Thanks for correcting me but this just reinforces my point even further i.e. people don't need to upgrade say from a Skylake to 97xx on the basis of more IPC, which posters continually harp about, because they think ST performance is all that matters.
AssimilatorOr introduces an entirely new design. The Sandy Bridge microarchitecture was launched in 2011; its predecessor Core was launched in 2006; Netburst was 2000. Granted, SNB was in development since 2005, but I think it's almost certain that Intel has a new microarchitecture (in development at least) - hopefully Ryzen will at least push them to release it.

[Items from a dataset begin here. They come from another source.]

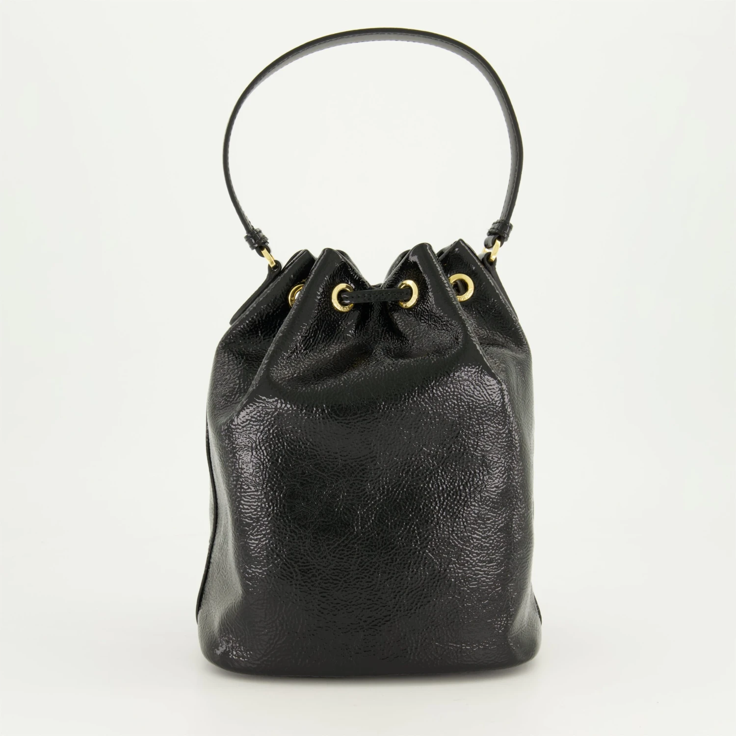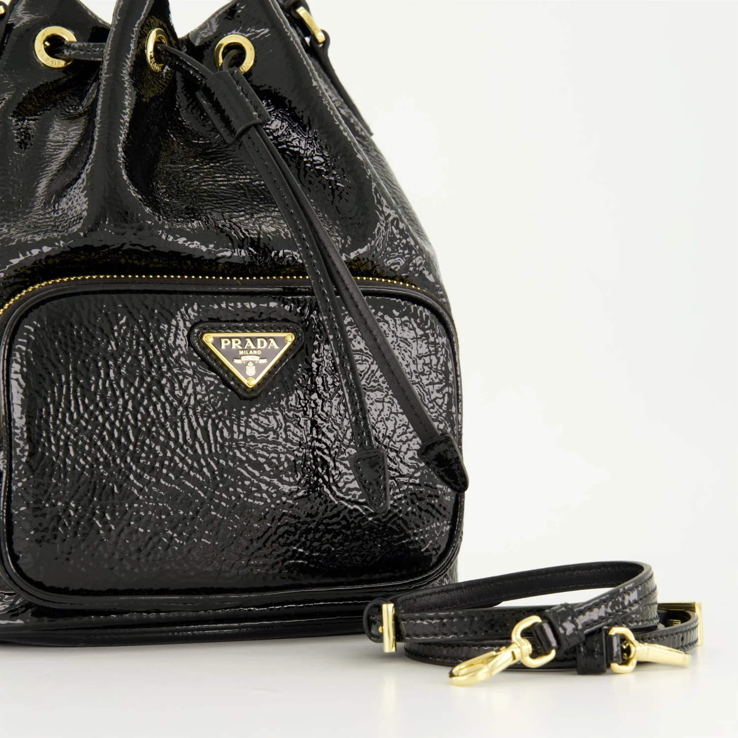 Sac seau Duet en cuir verni noir de Prada, conçu pour les femmes. Ce modèle fait partie de la collection Printemps-Été 2025 et allie élégance et praticité.
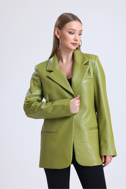 Sense Kadın Suni Deri Büyük Beden Deri Ceket Yağ Yeşili Ckt33280 Ckt33280
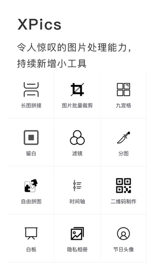 XPics is an amazing image processing software. Functions include: long picture stitching, batch cropping pictures, filter, nine-square grid, split picture, blank, two-dimensional code production, whiteboard, private photo album, holiday avatar and other functions.
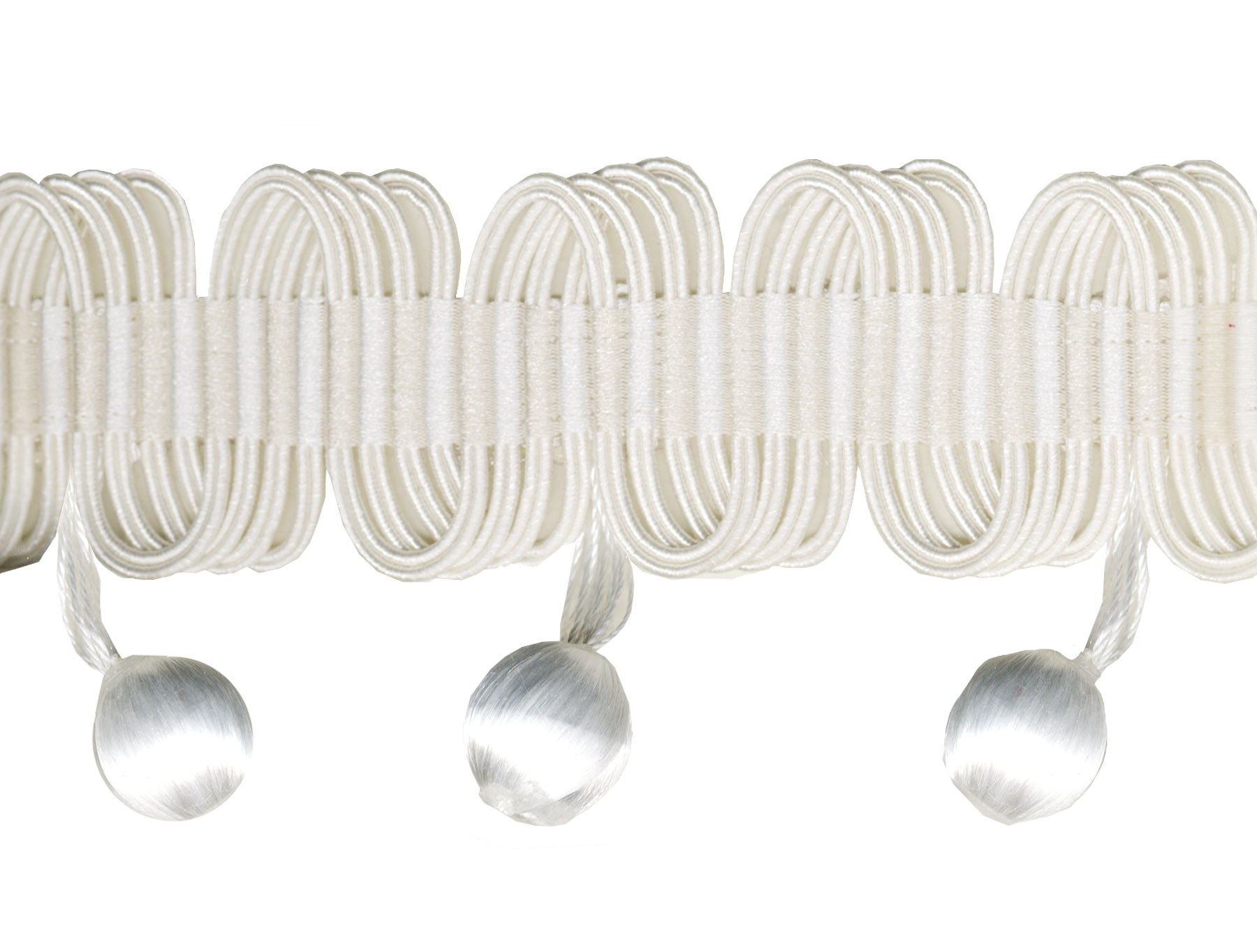 Бахрома с шариками на средней тесьме из окрашенных нитей; ширина тесьмы - 30мм, размер шарика - 35мм; упаковка по 25м на картон
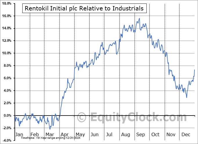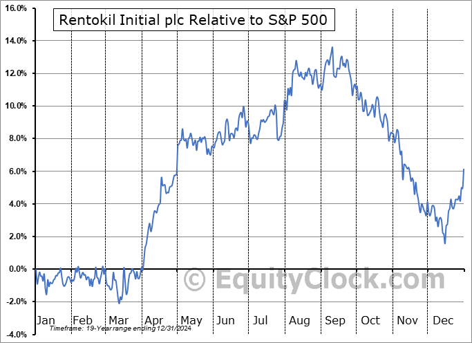 Analysis of the Rentokil Initial plc (NYSE:RTO) seasonal charts above shows that a Buy Date of April 1 and a Sell Date of August 22 has resulted in a geometric average return of 6.5% above the benchmark rate of the S&P 500 Total Return Index over the past 19 years. This seasonal timeframe has shown positive results compared to the benchmark in 15 of those periods. This is a good rate of success and the return strongly outperforms the relative buy-and-hold performance of the stock over the past 19 years by an average of 11.54% per year.
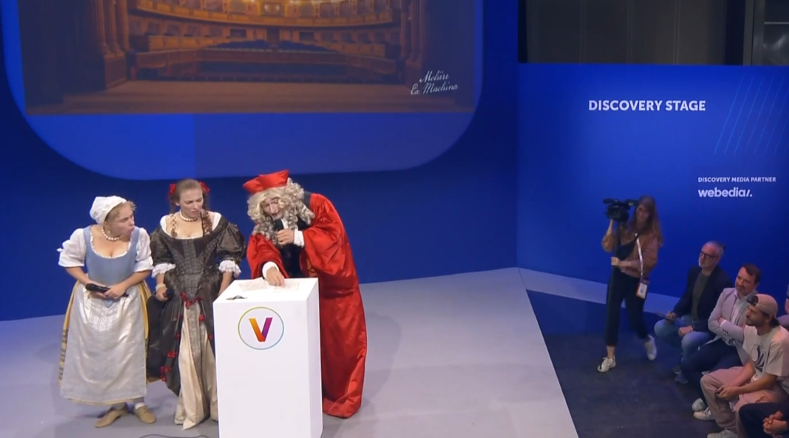 < Stage of the play 'Molière Ex Machina' co-written by AI and humans>
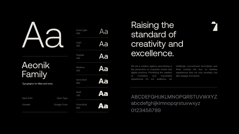 This slide demonstrates clear, high-contrast typography against a clean color palette, effectively highlighting the characteristics of a specific font style. The design is minimalist and highly functional, emphasizing readability and typographic excellence.
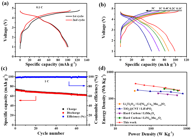 圖3. (a) LiNbGeO5@C II LiNi0.5Mn1.5O4 全電池的前兩圈充放電曲線;(b) 全電池倍率性能;(c) 電流密度為1C時,全電池的循環穩定性;(d) 與先前報道的鋰離子全電池的能量/功率密度比較。

Sandybridge is core uarch, the last great change was from netburst to core about a decade ago & everything since that time is just a refinement of core, hence 7th gen core is what you see on kabylake. It's also extremely difficult to change uarches especially to replace something as good as core, the last time Intel tried it went the way of (t)Itanic. As for anything new in the pipeline I doubt they have much in the works right now, remember they'll have to usurp Skylake level of IPC & seeing how their endeavors on the mobile front have gone I'd argue Intel would be wise not to repeat their last two mistakes of the noughties.
Posted on Reply
#75
phanbuey
MelvisLink?

We all know that its pretty obvious that this new Zen CPU is going to be quick bla bla bla its going to be competitive yay for us the consumers. But what im really looking forward to is the APU's, small form factor PC's are on the rise and to have a little tiny beast that can play pretty much every game out there at medium to high settings and use not alot of power at 1080P now thats what I think will be exciting! Somewhere around i5 performance with a GPU of erm idk just under a RX 460? would be awesome.
the leak is the link - look at gaming.